Another way of smoothing the path to structure is letting knowledge workers use familiar, typically free-access tools when they interact with a structured system. To alert them when it’s time to use a structured application, for example, have it send them an e-mail. If a structured task requires, say, passing financial information to and from the system, let workers use a spreadsheet. Always remember: high-end knowledge workers don’t want to spend all their working hours interacting with automated tools.
Finally, it’s critical to ensure that at least some knowledge workers and executives understand how the structured system works, so they can be alert for signs that it is out of kilter with changes in the economic environment or business model. Identifying such mismatches will help organizations know when they should pull the plug on structured systems and return to human judgment—a return that can save them from losing lots of money, fast.

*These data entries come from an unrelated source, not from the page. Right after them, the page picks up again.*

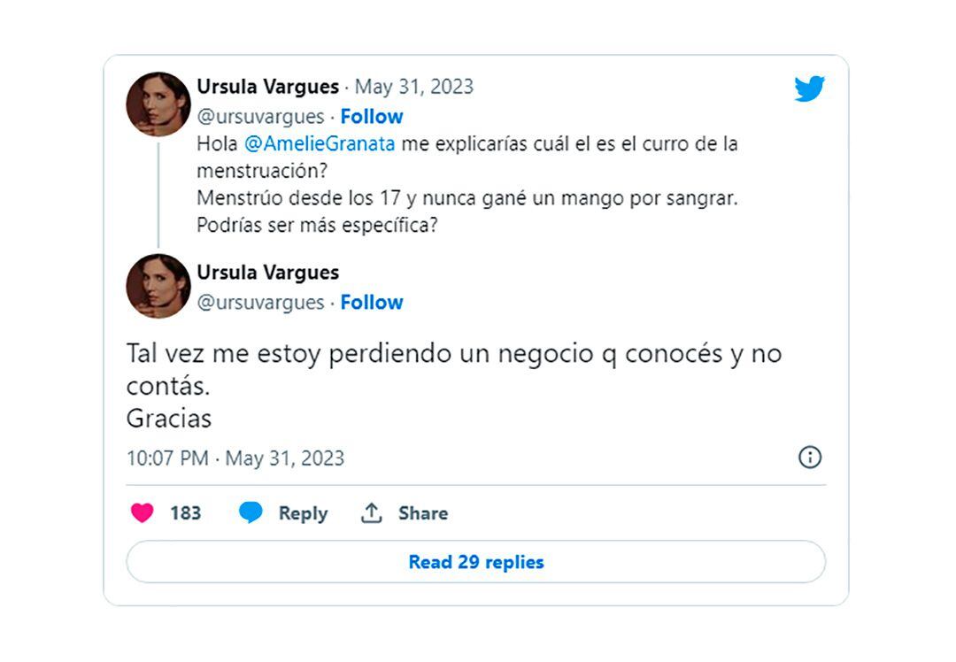 Sus declaraciones generaron revuelo en las redes sociales y Úrsula Vargues decidió confrontar a la diputada provincial. La periodista escribió en su cuenta oficial de Twitter: “Hola, Amalia. ¿Me explicarías cuál es el curro de la menstruación? Menstrúo desde los 17 y nunca gané un mango por sangrar. ¿Podrías ser más específica?”.
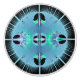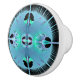 Esta cara de este pomo de gabinete presenta una imagen fractal con ráfagas de azul, turquesa y morado sobre un fondo negro. Es difícil de creer que este gráfico intrincado e inusual se genere con una fórmula matemática pero eso es parte de la fascinación de los fractales. El tallo de la perilla es blanco.
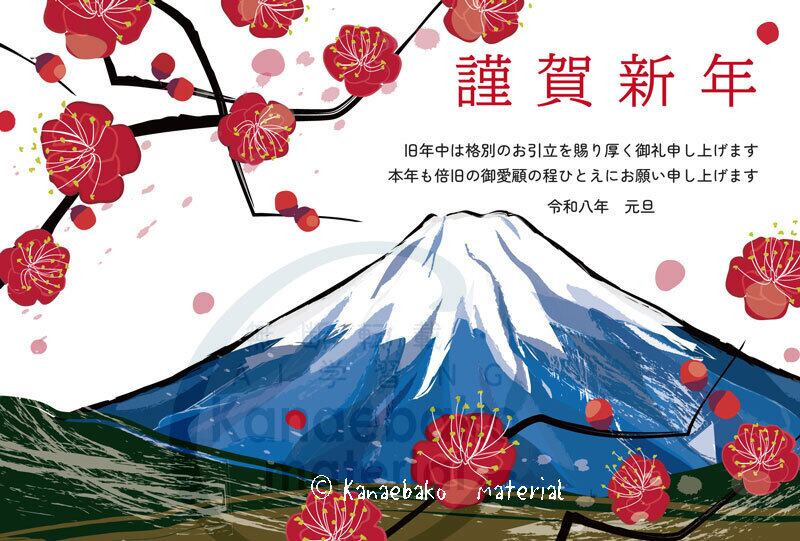美しい富士山と春の訪れを感じさせる梅の花が描かれており、特別な年賀状作成にぴったりです。きちんとしたご挨拶を華やかに彩ることができます。
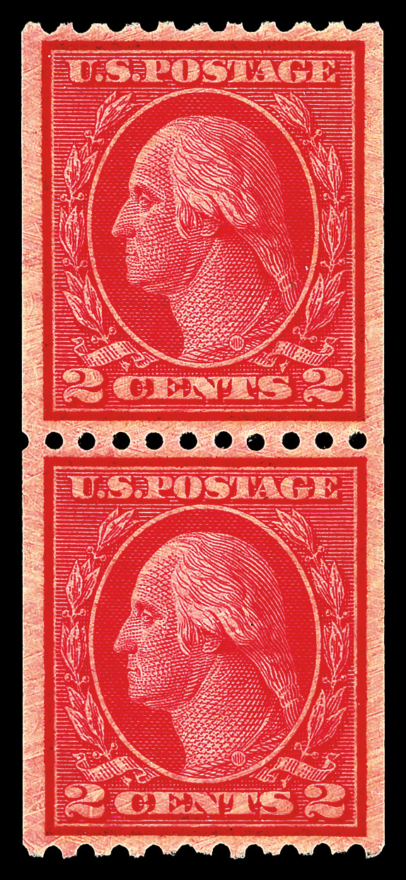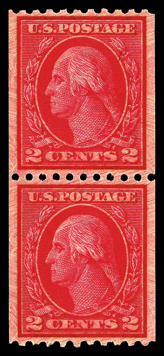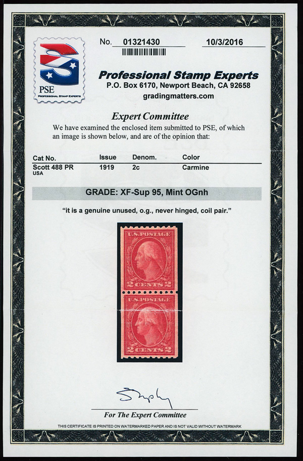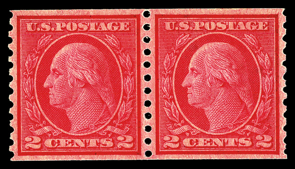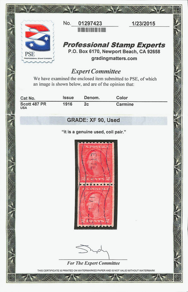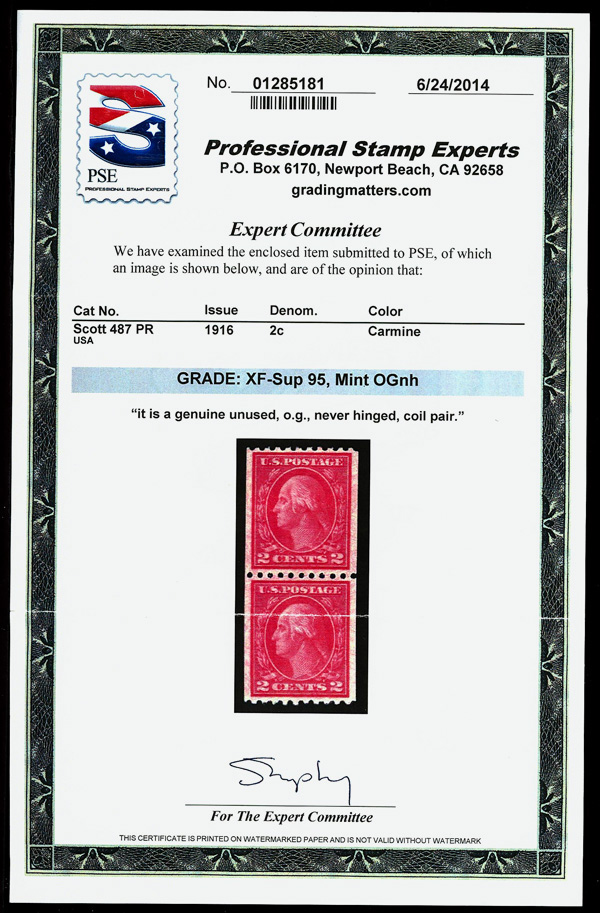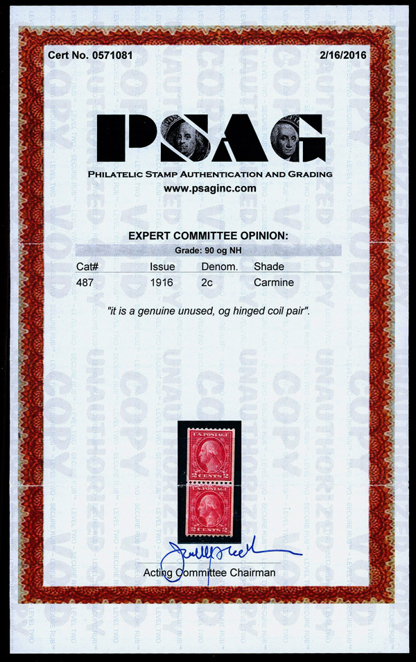 7237 og 487 image1916, 2¢ carmine, type II, unwatermarked, rotary press coil, perf. 10 horizontally (Scott 487), pair, o.g., invisibly hinged, Extremely Fine, with 2016 P.S.A.G. certificate graded XF 90.

We live in a world where knowledge-based work is expanding rapidly. So is the application of technology to almost every business process and job. But to date, high-end knowledge workers have largely remained free to use only the technology they personally find useful. It’s time to think about how to make them more productive by imposing a bit more structure. This combination of technology and structure, along with a bit of managerial discretion in applying them to knowledge work, may well produce a revolution in the jobs that cost and matter the most to contemporary organizations.